We have recently implemented a low-maintenance Metaflow solution using AWS Batch and Step Functions due to the absence of an EKS setup. As part of our modernization efforts, we've transitioned our data warehouse to Snowflake, but we're still developing the optimal structure for it. The goal is to build a Data Lake alongside exploring alternative data warehousing solutions like Databricks. This has led to discussions about machine learning (ML) capabilities, particularly those offered by our current systems, but varying levels of understanding among team members have stalled progress.
We also have recently started to modernize our data warehouse, which has been moved to Snowflake, however we don't quite have the structure that allows it to benefit optimally and are working towards a Data Lake in addition to an alternative Data Warehouse solution. This has caused us to consider the ML solutions that come bundled with the Data Warehouse (i.e. Snowflake, and we are considering moving to Databricks), however the conversation has become somewhat stalled here since there are many perspectives and varying levels of understanding about the various needs and functions of the systems involved.

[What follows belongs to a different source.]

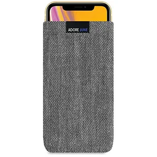 Adore June Biznesowe etui do Apple iPhone XR, etui na telefon komórkowy z charakterystycznego materiału w jodełkę - szare/czarne | etui ochronne akcesoria z efektem czyszczenia wyświetlacza | Made in

I have personally tried to keep awareness focused on the need for a Data Lake, which would benefit the ML/AI team as well as the Application needs, although there is some pushback as much of the marketing material around ML/AI presents solutions like RAG as a commodity. Although it is clear that there may be some low-hanging fruit, it's not the consensus of the team that most solutions from the larger players like AWS are at the level of commodity where you can just drop whatever random files you have into a folder and you're done.

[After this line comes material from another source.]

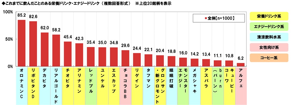 全回答者(1,000名)に、これまでに飲んだことのある銘柄を聞いたところ、「オロナミンC」85.2%が最も多く、僅差で「リポビタンD」82.6%、さらに、「デカビタ」62.0%、「リアルゴールド」58.2%、「チオビタ」45.4%、「アリナミン」42.3%が続いた。日本での販売歴の長さからか上位5銘柄は“清涼飲料水系”と“栄養ドリンク系”が占めた。

Beyond this point, we have found that may of the solutions that tout this magical no-work solution seem to be very focused and costly (i.e. as we found while exploring AWS Kendra).

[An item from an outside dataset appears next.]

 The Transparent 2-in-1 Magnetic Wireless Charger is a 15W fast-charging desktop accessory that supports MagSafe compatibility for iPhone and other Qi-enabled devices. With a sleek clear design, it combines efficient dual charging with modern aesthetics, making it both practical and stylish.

This has caused some discussion and revealed a bit of a paradigm that I have yet to overcome in that the out-of-the-box magical solutions that promise the moon, there seems to be an understanding that some amount of expense is acceptable, including solutions like Snowpark ML, or Databricks. However, when the discussion turns to Metaflow as a tool for ML/AI Engineers, the cost -which seems to be lower or on par- does not warrant similar concessions. This is not uncommon when comparing open-source to the more highly marketed solutions and IMHO falls into the strategy of, "no one ever got fired for recommending the Cadillac" approach in tech. However, with some determination and convincing from the ML/AI team, we have setup Metaflow internally and started initial work on a RAG implementation to POC with out application.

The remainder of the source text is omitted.